* **Exercise aim**
Consider the records below. How many of their lines include the word "tǒng"? State the number and nothing else.

(Source records)
=-=-=

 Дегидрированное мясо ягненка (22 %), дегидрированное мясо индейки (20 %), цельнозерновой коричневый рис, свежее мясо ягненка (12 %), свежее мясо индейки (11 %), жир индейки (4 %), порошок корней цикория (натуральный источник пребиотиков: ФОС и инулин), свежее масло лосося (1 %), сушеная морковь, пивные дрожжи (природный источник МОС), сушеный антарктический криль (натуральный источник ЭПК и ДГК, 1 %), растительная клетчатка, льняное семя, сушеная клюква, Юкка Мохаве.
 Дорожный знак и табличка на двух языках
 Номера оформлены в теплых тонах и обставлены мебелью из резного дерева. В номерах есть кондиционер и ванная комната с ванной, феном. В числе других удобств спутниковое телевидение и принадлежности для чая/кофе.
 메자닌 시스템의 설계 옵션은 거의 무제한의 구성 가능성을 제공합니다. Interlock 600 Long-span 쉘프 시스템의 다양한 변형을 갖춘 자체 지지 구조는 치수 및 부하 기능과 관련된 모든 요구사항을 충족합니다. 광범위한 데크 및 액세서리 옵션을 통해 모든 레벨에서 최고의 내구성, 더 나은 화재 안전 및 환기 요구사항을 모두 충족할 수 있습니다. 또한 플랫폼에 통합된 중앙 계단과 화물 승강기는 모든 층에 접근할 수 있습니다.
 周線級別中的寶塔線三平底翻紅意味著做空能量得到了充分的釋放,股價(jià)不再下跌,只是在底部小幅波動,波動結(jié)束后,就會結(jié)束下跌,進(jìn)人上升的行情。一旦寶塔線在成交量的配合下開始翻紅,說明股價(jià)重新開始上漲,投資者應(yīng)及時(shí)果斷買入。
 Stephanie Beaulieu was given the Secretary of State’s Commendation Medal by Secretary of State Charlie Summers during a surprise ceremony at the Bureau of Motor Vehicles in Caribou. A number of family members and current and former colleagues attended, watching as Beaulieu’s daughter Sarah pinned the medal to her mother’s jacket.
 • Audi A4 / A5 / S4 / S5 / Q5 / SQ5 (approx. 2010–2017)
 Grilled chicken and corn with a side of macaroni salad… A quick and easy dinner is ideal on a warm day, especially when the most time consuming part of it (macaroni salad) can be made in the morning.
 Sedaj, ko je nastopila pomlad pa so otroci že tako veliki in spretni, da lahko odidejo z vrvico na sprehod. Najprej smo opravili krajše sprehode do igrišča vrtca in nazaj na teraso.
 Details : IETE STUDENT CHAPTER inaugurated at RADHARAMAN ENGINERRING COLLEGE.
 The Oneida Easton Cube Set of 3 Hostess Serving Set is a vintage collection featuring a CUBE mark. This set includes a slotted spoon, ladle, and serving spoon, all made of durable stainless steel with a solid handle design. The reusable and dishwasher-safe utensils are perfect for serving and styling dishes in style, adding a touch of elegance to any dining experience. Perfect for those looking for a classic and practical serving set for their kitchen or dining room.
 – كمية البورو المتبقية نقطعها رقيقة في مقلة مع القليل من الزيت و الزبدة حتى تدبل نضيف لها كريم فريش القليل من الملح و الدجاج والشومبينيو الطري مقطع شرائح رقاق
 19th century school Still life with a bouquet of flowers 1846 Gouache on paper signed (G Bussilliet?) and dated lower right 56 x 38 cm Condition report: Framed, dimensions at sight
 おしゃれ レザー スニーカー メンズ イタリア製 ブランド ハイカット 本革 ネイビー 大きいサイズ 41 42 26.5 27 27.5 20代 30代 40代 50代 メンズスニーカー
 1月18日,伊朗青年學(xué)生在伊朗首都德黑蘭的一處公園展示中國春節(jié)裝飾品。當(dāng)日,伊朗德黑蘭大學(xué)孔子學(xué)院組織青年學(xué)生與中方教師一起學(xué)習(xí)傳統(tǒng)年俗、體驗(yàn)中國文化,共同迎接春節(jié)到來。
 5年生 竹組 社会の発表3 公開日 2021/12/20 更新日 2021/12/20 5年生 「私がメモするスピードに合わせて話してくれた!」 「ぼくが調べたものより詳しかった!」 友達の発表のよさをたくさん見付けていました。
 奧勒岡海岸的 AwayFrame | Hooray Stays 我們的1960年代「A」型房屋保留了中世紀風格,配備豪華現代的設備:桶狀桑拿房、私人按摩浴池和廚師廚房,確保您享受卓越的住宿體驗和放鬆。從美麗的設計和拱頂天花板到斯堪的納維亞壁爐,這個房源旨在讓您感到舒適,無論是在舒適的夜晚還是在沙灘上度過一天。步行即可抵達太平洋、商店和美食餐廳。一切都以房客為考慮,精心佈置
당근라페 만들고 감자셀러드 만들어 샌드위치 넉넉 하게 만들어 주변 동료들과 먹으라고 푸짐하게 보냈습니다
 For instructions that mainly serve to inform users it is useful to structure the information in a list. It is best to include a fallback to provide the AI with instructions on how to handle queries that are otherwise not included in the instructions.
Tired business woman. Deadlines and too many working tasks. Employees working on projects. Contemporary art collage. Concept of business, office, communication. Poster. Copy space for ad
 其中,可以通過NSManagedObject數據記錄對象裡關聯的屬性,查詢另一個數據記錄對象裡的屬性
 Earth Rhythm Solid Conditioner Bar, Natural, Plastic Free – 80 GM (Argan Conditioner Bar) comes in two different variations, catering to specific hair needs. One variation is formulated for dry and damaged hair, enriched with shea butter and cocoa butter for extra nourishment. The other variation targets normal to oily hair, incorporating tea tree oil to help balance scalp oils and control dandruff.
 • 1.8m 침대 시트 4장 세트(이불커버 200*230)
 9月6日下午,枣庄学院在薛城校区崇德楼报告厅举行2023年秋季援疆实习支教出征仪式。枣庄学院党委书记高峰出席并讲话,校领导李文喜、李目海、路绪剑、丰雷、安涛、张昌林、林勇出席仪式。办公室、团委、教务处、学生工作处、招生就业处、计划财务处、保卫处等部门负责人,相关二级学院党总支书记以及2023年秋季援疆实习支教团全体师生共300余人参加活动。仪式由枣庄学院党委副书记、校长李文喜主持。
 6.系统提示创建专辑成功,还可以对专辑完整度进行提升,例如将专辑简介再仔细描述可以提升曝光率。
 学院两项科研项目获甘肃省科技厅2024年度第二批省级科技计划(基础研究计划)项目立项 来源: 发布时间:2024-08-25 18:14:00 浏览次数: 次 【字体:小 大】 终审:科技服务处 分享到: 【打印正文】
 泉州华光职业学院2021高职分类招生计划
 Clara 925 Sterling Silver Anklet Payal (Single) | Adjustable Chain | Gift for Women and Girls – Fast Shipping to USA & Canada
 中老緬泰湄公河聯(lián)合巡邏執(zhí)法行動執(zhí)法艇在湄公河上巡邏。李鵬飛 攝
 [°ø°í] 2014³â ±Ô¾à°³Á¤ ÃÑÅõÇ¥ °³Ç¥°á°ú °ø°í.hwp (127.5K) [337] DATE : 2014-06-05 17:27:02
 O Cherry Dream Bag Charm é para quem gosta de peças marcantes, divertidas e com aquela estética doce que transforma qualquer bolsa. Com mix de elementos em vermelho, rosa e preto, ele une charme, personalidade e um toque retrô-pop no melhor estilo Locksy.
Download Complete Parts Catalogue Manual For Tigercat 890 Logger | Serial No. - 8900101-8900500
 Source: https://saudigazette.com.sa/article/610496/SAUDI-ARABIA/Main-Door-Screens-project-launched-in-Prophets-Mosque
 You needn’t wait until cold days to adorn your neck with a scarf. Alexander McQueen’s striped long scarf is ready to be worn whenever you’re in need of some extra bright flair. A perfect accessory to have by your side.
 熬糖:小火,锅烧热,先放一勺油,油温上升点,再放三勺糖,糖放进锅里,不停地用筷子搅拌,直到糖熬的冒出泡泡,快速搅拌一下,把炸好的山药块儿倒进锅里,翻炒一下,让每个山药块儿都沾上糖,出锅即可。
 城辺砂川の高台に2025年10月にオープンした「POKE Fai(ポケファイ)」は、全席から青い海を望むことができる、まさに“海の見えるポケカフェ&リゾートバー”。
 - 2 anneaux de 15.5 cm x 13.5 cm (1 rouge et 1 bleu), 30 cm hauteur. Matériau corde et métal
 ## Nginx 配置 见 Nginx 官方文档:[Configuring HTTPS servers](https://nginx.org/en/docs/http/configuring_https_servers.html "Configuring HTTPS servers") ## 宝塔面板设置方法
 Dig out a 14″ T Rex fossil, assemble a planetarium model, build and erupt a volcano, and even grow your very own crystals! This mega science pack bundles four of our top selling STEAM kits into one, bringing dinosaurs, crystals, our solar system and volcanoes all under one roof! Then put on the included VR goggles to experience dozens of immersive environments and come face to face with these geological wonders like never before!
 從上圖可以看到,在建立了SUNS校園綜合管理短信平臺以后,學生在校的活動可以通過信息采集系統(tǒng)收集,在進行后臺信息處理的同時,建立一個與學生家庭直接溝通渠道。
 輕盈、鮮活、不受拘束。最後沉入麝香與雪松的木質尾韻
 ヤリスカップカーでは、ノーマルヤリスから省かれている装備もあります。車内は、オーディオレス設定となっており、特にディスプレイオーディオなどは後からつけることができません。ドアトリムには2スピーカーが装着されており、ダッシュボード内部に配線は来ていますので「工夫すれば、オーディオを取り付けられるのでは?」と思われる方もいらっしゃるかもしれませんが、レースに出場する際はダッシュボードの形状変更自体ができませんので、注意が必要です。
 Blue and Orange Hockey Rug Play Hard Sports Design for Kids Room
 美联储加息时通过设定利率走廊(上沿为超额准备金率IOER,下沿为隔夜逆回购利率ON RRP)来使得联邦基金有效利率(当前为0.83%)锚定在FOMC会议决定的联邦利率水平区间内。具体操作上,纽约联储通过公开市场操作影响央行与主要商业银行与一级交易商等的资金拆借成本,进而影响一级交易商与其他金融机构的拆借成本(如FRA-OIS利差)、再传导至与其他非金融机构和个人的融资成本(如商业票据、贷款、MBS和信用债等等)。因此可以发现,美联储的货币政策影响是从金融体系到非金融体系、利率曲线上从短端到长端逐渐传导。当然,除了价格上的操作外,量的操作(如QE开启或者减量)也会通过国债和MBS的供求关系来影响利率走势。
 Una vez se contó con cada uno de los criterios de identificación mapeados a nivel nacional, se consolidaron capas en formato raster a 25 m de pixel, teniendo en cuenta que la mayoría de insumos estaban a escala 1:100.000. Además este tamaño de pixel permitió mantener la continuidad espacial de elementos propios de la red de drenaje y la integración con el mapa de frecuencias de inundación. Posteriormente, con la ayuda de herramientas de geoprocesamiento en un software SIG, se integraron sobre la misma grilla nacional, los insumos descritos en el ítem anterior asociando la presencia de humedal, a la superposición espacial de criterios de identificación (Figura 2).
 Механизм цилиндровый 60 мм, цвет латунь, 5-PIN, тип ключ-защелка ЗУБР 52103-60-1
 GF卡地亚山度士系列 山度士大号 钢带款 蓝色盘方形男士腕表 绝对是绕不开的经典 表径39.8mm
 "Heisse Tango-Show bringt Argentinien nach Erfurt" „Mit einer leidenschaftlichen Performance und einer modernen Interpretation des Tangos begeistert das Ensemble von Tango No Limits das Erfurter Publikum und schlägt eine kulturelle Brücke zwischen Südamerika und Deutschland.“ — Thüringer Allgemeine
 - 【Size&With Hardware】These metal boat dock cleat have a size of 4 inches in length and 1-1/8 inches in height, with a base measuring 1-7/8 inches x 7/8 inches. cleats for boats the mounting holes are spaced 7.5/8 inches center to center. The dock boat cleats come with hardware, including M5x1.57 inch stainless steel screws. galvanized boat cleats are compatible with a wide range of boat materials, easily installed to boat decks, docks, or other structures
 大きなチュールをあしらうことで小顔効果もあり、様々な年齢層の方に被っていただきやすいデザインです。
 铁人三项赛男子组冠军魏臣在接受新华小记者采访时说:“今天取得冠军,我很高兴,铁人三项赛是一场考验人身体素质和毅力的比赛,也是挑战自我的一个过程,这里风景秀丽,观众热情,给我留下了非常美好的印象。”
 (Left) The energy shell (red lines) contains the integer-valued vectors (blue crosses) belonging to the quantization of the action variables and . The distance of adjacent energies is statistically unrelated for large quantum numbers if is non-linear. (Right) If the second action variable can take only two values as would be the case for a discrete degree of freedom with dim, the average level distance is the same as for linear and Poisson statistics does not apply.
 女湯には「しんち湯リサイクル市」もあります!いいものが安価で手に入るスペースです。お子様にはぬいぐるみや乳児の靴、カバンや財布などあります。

=-=-=

* **Exercise output**
2